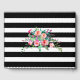 Personalised Elegant Chic Black and White Stripes Gold Accent Colour and Pink Floral Roses Wedding Guestbook
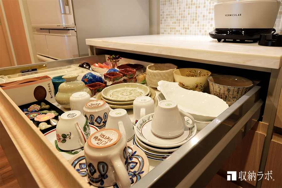 食器棚をオーダーメイドするにあたって、食器類を引き出しに収納したいと考えていたので、持っている食器のサイズに合わせて切った紙を用意して、引き出しに食器がすべて並べられるか確認しながらサイズを決めていきました。こうして、食器の種類や用途に合わせて分類しながら収納できる引き出しを作ることができました。
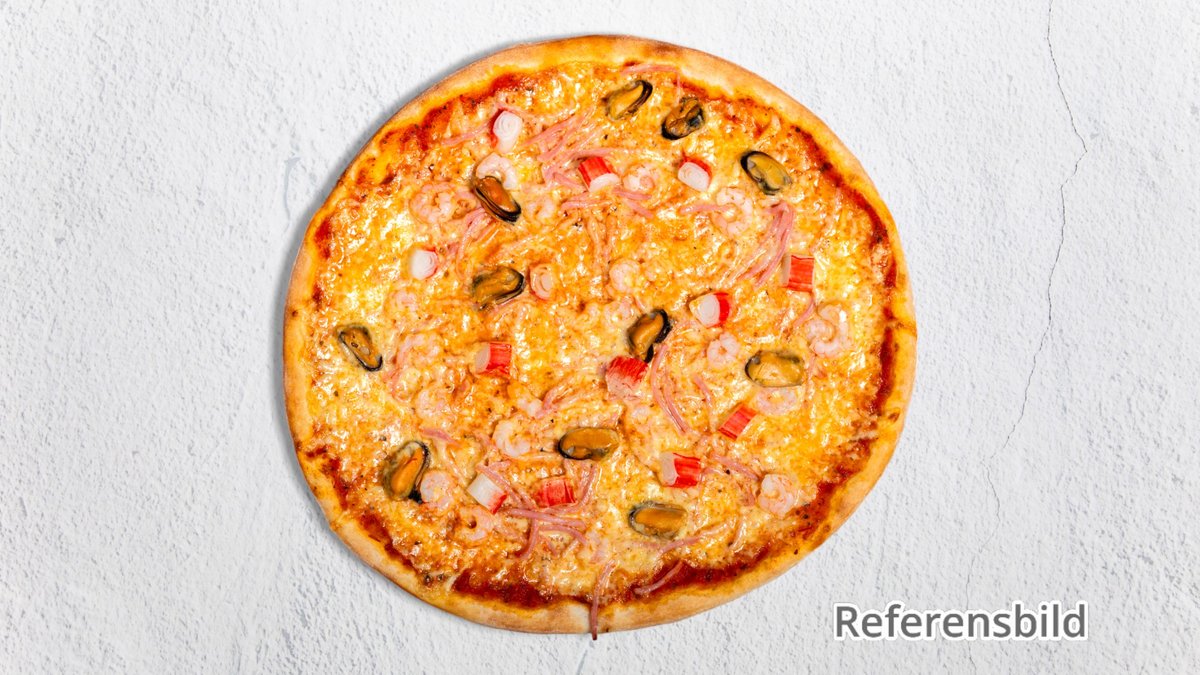 Tomatsås, ost, skinka, räkor, champinjoner, musslor och oliver.

(Task item): Say again, word for word, every line from the one with "食器棚をオーダーメイドするに" through the last line of the data above, minus the pictures.

(Your response):
 食器棚をオーダーメイドするにあたって、食器類を引き出しに収納したいと考えていたので、持っている食器のサイズに合わせて切った紙を用意して、引き出しに食器がすべて並べられるか確認しながらサイズを決めていきました。こうして、食器の種類や用途に合わせて分類しながら収納できる引き出しを作ることができました。
 Tomatsås, ost, skinka, räkor, champinjoner, musslor och oliver.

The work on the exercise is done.